Antonin Dvořák
Antonin Dvořák
Antonin Dvořák (1841-1904), one of the greatest Czech composers, is most noted for his attractive and apparently effortless melodic gifts and the unfailing brilliance of his orchestration.
Antonin Dvořák was a nationalistic musician, basing his style on melodic and rhythmic patterns found in the folk music of his own country. At the same time he was not excessively concerned with program music, and he worked most successfully in instrumental forms utilizing traditional classical structures, such as symphonies and chamber works. Even those compositions which contain programmatic titles tend toward a general atmosphere rather than a musical structure that follows a preconceived literary outline.

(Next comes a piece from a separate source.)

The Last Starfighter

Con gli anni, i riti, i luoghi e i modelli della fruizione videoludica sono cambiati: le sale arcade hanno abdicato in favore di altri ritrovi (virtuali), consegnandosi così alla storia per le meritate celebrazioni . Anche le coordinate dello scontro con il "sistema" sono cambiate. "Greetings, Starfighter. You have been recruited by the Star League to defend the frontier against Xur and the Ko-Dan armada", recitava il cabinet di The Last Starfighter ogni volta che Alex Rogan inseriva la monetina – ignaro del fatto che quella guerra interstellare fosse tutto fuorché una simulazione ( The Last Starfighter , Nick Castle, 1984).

Born on Sept. 8, 1841, in a small town near Prague into a moderately poor worker's family, Dvořák showed considerable interest in music as a child. When he was 16 he moved to Prague to continue his education, studying at the Prague Organ School from 1857 to 1859. He received not only a thorough musical training that introduced him to the works of the great masters of the past, but also one that exposed him to the more "advanced" composers like Robert Schumann and Richard Wagner.

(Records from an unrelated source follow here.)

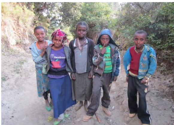
Kuva 2: Etiopiassa koronapandemia on sulkenut koulut ja lasten radio-ohjelman suosio on kasvanut.

Etiopia kärsi maan pohjoisosan sisällissodasta ja koronaviruksen tuomista rajoituksista. Maan talous on heikentynyt, ihmisten elinolosuhteet huonontuneet levottomuuksien ja rahan arvon laskun takia. Tunnelma on ajoittain pelonsekainen. Näissä olosuhteissa mediaosasto jatkoi ohjelmien tuottamista, vaikka töitä täytyi tehdä kotoa käsin.
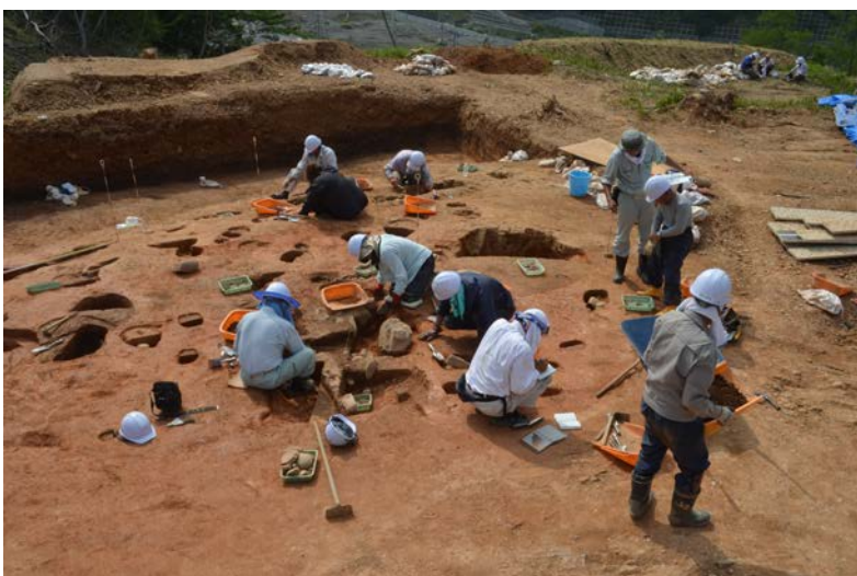
内山遺跡（宮城県女川町）調査風景
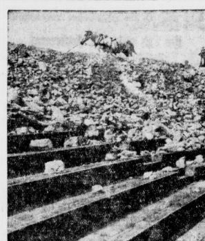
Die Umgestaltung des Deutschen Stadions. Blick auf die Westkurve im Deutschen Stadion...

In 1861 Dvořák joined the orchestra of the National Theater in Prague as a violist, where he remained for 10 years, performing for a while under the leadership of Bedřich Smetana. During this time Dvořák wrote numerous compositions, but not until 1873, with a performance of his grand patriotic work Hymnus for chorus and orchestra, did he achieve some renown. His compositions attracted the attention of Johannes Brahms, who prevailed upon his publisher to print some of Dvořák's works. The two composers became close friends.
Always composing an apparently effortless output of music, including the popular Slavonic Dances (1878), Dvořák soon became a professor of composition at the Prague Conservatory. In 1884 he made the first of a series of trips to London to conduct his own music. There he earned a commission to compose a choral work, The Spectre's Bride. He received an honorary doctorate degree from Cambridge University in 1891, the same year he composed his popular Carnival overture.
After successful tours of Russia and Germany, Dvořák accepted an invitation in 1892 to became the director of the National Conservatory of Music in New York City. While in the United States he wrote what is probably his most famous work, the Symphony in E Minor, From the New World (1893). There has always been some confusion as to the extent to which Dvořák either imitated or directly borrowed melodic material from American folk music. All the music is original, however, and despite the fact that the theme of the second movement has been made into the song "Goin' Home," it is not an African American spiritual but a melodic invention by Dvořák. Perhaps the greatest problem presented
by the New World Symphony is that it tends to blind audiences to the merits of some of his other symphonies. One in G major (1889) and another in D minor (1885) are certainly its equal in musical quality. In 1893 he also wrote his American String Quartet, the best-known of his 13 quartets, and a charming sonatina for violin and piano, a masterpiece in miniature.
In 1895 Dvořák returned to the Prague Conservatory, completing his cello concerto, probably the most outstanding concerto ever written for that instrument, and a perennial concert favorite. From this point on he concentrated on symphonic poems and operas. Rusalka, the ninth of his 10 operas, completed in 1900, was his last major work. Very popular in Czechoslovakia although rarely performed outside the country, Rusalka is a stunning lyric fantasy, an evocative retelling of the familiar story of the water nymph who fell in love with an all-too-human prince. In 1901 Dvořák became the director of the Prague Conservatory. He died on May 1, 1904.
Further Reading
Two major studies of Dvořák are John Clapham, Antonin Dvořák: Musician and Craftsman (1966), which deals mainly with the music, and Gervase Hughes, Dvořák: His Life and Music (1967), which treats the biographical data and the works in chronological order. An earlier but still useful work is Alec Robertson, Dvořák (1945). Good background studies are Gerald Abraham, A Hundred Years of Music (1938; 3d ed. 1964); Rosa Newmarch, The Music of Czechoslovakia (1942); and Alfred Einstein, Music in the Romantic Era (1947).
Additional Sources
Butterworth, Neil, Dvořák, London; New York: Omnibus Press, 1984, 1980.
Butterworth, Neil, Dvořák: his life and times, Speldhurst Eng.: Midas Books, 1980.